Recorrer el mundo a tu manera, te deja lecciones aprendidas, experiencias vividas por doquier y anécdotas para tirar a la manchancha. Puede ser valedero sentarse y escuchar con una cervecita en la mano algunas historias de viaje, o leerlas como es el caso. Una vez me llamó mucho la atención lo que contestó en una entrevista un tipo que se dedicaba a viajar por el planeta, cuando le preguntaron si le gustaría conocer todos los países del mundo. “Es una meta atractiva, aunque de todas formas viajar no es llenar el pasaporte de sellos, es estar ahí, vivir, conocer la cosmovisión de la gente, ser parte del tiempo”, expresó.

En mi caso personal, muchos me preguntaban cómo me había ido.
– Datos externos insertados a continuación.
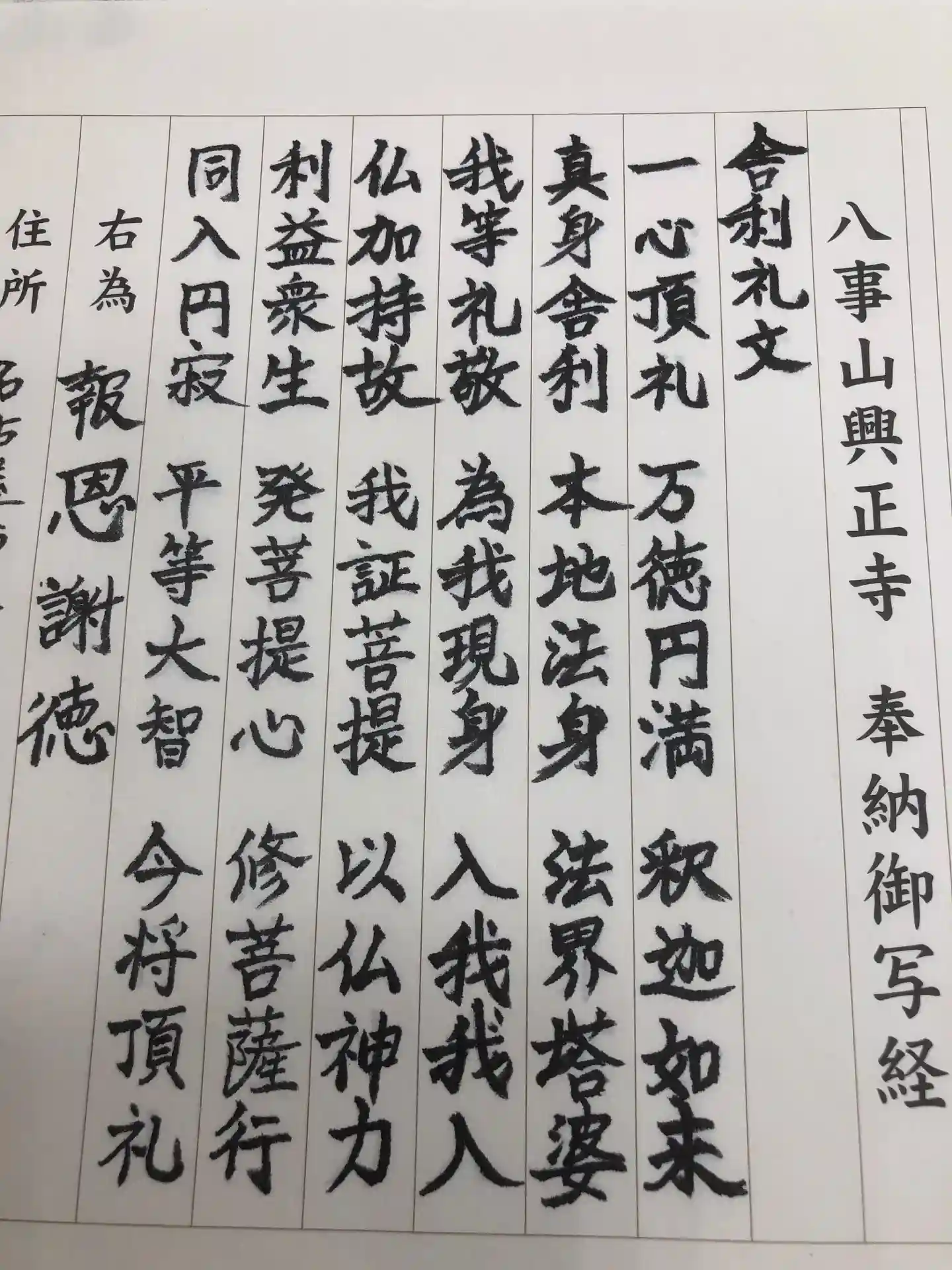 舎利礼文を初めて写経しました

Y yo me quedaba literalmente mudo, no sabía que decir, es más, admito que alguna vez conteste por simple cortesía. Es una pregunta difícil de responder cuando renuncias a tu sueño, porque los demás te escuchan pero oyen lo que quieren oír de tu experiencia, miden tu éxito o tú fracaso según sus perspectivas llenas de subjetivismo, te juzgan y eso duele.
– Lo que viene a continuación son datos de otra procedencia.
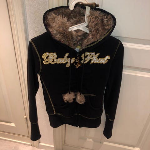 svart hettegenser med print, glidelås og pels unisex

Te duele porque a veces después de tantísimo esfuerzo, paciencia y dedicación, al encontrarte a un paso de agarrar de lo que realmente deseas, el miedo logra apagar tanta luz. Y posteriormente sentís que lograste miles de cosas inimaginables, aun si un vidente te contara lo que fueras capaz de hacer, no lo creerías.  Los miles de kilómetros recorridos y las experiencias vividas no te las quita nadie, son manchas que quedan grabadas para siempre en nuestras memorias de vida, que probablemente sean transmitidas a futuras generaciones.
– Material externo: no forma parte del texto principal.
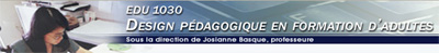 Enfin, pour conclure, voici quelques mots particuliers de remerciements de Josianne Basque à des collaborateurs/trices qui l'ont soutenue dans le processus de création de ce cours. « Je tiens à remercier toutes les personnes qui m'ont conseillé, appuyé et soutenu durant la conception de ce cours. Merci à Paul-André Martin, professeur à l'Université du Québec en Abitibi-Témiscamingue, Sylvie Doré, professeure à l'École de technologie supérieure et Michèle Larose, consultante en technologie éducative, qui ont collaboré à la préparation du devis d'une version préliminaire du cours. Merci à Josée Garant et Colette Laprise pour les démarches entreprises en vue de l'obtention des droits d'auteurs. Merci à Sonia Bélanger, Jacques Bernard, Claude Champagne et Selim Kfoury, pour avoir accepté de livrer, dans une entrevue filmée, leur expérience du design pédagogique dans leur milieu respectif de travail et nous avoir ainsi permis de réaliser des vidéoclips de grande qualité et d'enrichir le contenu pédagogique du cours. Merci également à Danielle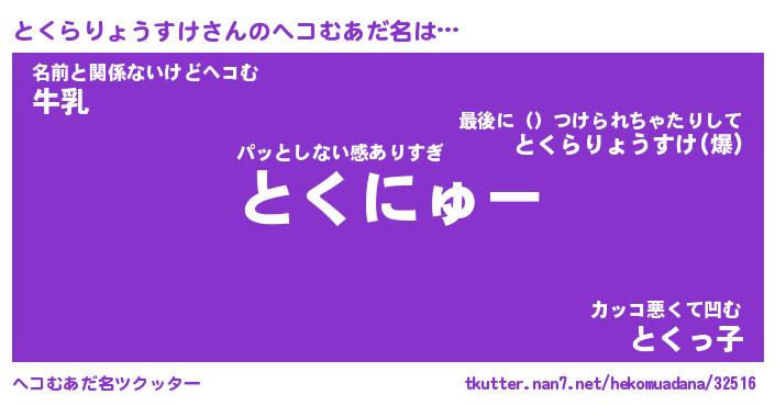 | 男性向けラノベタイトル風あだ名 | 『とくらりょうすけの憂鬱』 |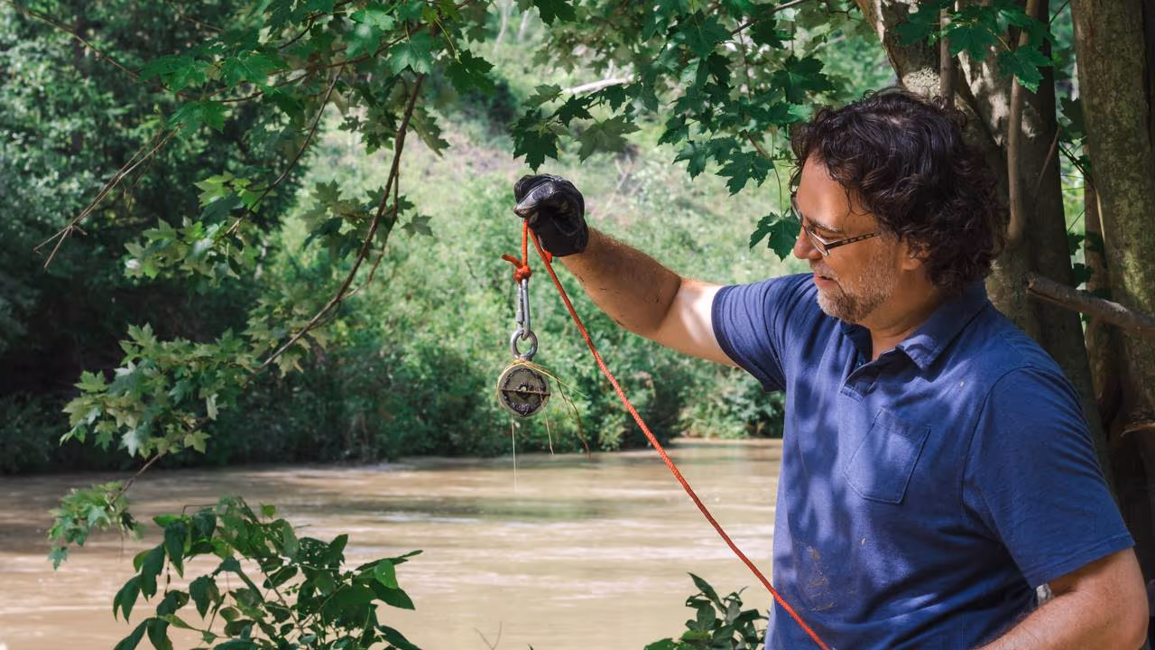 Misturar drone, corda, ímã pesado e um rio com correnteza forte não é simples. O vento desestabiliza o voo, as cordas enroscam, e em alguns momentos é preciso cuidado redobrado para não perder o equipamento na água suja.

Simplemente bastaba ESTIRAR EL BRAZO y agarrarlo. Hablando metafóricamente, claro. No importaban los números, los tiempos y la distancia. Hacerlo era  la única solución, dejarlo fluir y todo iría bien, pero eso lo veo hoy después de que el agua corrió.

En esos momentos donde la actitud, espíritu y fuerza interior que solía empujarte empieza a desaparecer es cuando comienzas a preguntarte porqué estás ahí y no en otro lugar.

Ya en el límite entre California y Nevada, Estados Unidos. Junto a Sally Lemonade, una motor home de los ’80, el juego que jugábamos era distinto, las reglas habían cambiado y todo era  desconcertante, quedaba todo un nuevo viaje por delante, sin embargo la pasión se desvanecía, viajar se había vuelto una rutina y tener que preocuparse porque comer y donde dormir a diario dejaba de ser entretenido, y al mismo tiempo el bolsillo aúllaba de gritos de dolor. Suenan como excusas, aunque simplemente las llamaremos circunstancias. Tenia todo el universo a mi favor y todas las circunstancias en mi contra y hoy siento que me rendí al dar un paso al costado, aunque creo fervientemente que nunca nada pudo haber sido de otra manera.

A veces pienso que estuve soñando dormido todo ese tiempo, luego desperté y todo era como antes, las grandes personas que estuvieron a lo largo del camino en realidad no estuvieron y parecen ser personajes ficticios de alguna película o creación de nuestra subconsciente.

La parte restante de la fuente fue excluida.